MALA (in the other ear). Don't be such a goose as to take that trouble for people you never saw, and catch a fever for your pains. Let the old lady do it, they are her neighbors, not yours.

BONA. "Which now of these three, thinkest thou, was neighbor to him that fell among thieves? And he said, He that showed mercy on him. Then said Jesus unto him, go thou and do likewise."

MALA (persisting). More likely than not, you will get no thanks, except to be called "stuck-up city folks.”

BONA. "Inasmuch as ye have done it unto one of the least of these my brethren, ye have done it unto Me."

I laid my hand on the boy's shoulder, as he was turning away. "No, Jack, tell your mother that I, Winnie Frost, Mrs. Divine's summer-boarder, will come and watch with Maggie to-night, if she will let me. Will she ask for references?" I added, turning to Mrs. Divine, with a sudden perception of a latent ludicrousness in the scene.
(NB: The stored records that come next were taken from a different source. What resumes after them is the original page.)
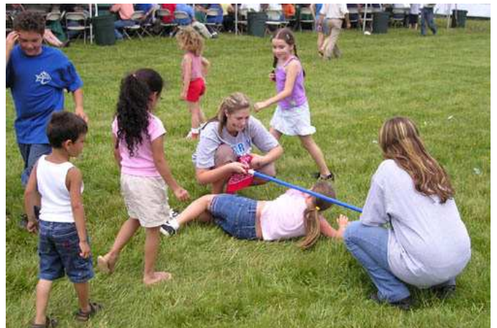
This girl will do anything to get under the limbo stick.
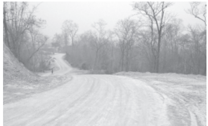
Monywa-Kalewa Road, which reflects combined efforts of the people and the Tatmadaw.
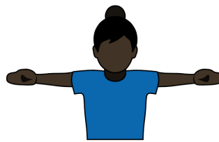
12. Marking Infraction "Fast Count" "Straddle" "Disc Space" "Wrapping" "Double Team" "Vision"

Closed fists, rotate wrists around in a vertical circle
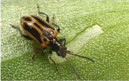
adult tradescantia tip beetle (Neolema abbreviata)
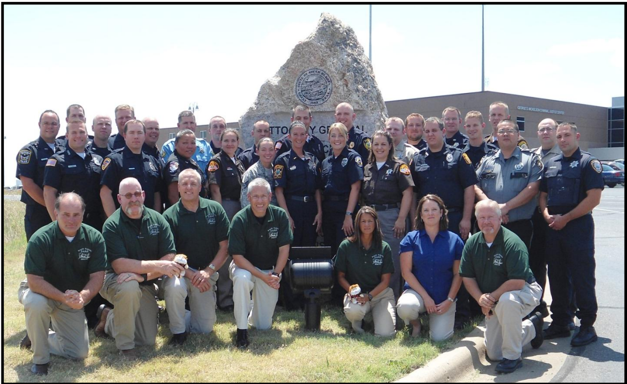
Students and Mentors from the DARE Class held July 9 - 20, 2012.
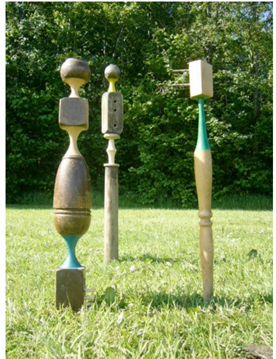
Form Minus Function 1, 2 & 3 - Hugh.

"Of course not; we country folks don't look at the hand that is held out kindly to us, to see whether it's red or blue blood that runs in its veins. But, Miss Frost, aren't you too tired to go?"

"Tired! the air of these hills has made me forget the meaning of the word! But I have a distinct notion of what intoxication implies. I feel as if I had been drinking wine."
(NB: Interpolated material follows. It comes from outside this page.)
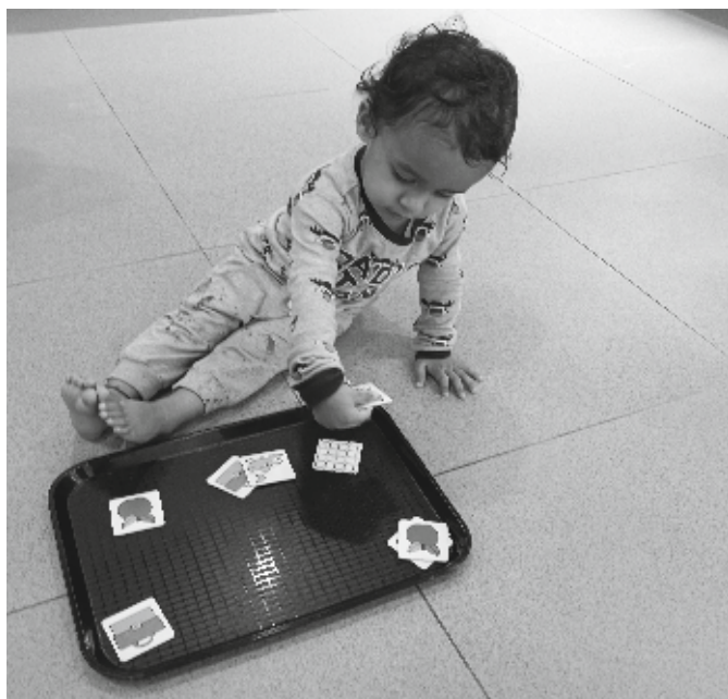
Deep in concentration

The kind old woman looked pleased with my enthusiasm. The place where she was born and reared, where she had loved and wedded, and given birth to children and buried them, was dear to her. "Ah, yes," she answered, "the air here is as pure as air can be, there's neither city to foul it, nor ocean to salt it, within many miles. And you see, my dear, we are situated on the southern slope of the hill, Chestnut Hill, we call it,-midway between the winds that whistle over its top, and the fogs that rise from the valley. All our neighbors are not so well off. There's the Warrens-where you're agoing to watch to-night,— they live right on the edge of a swamp, and there's where the fever comes from, I guess. Sam-the eldest—was taken last week, and now, Maggie's got it. I shouldn't wonder if it run through the family. But tea is ready, Miss Frost; come in."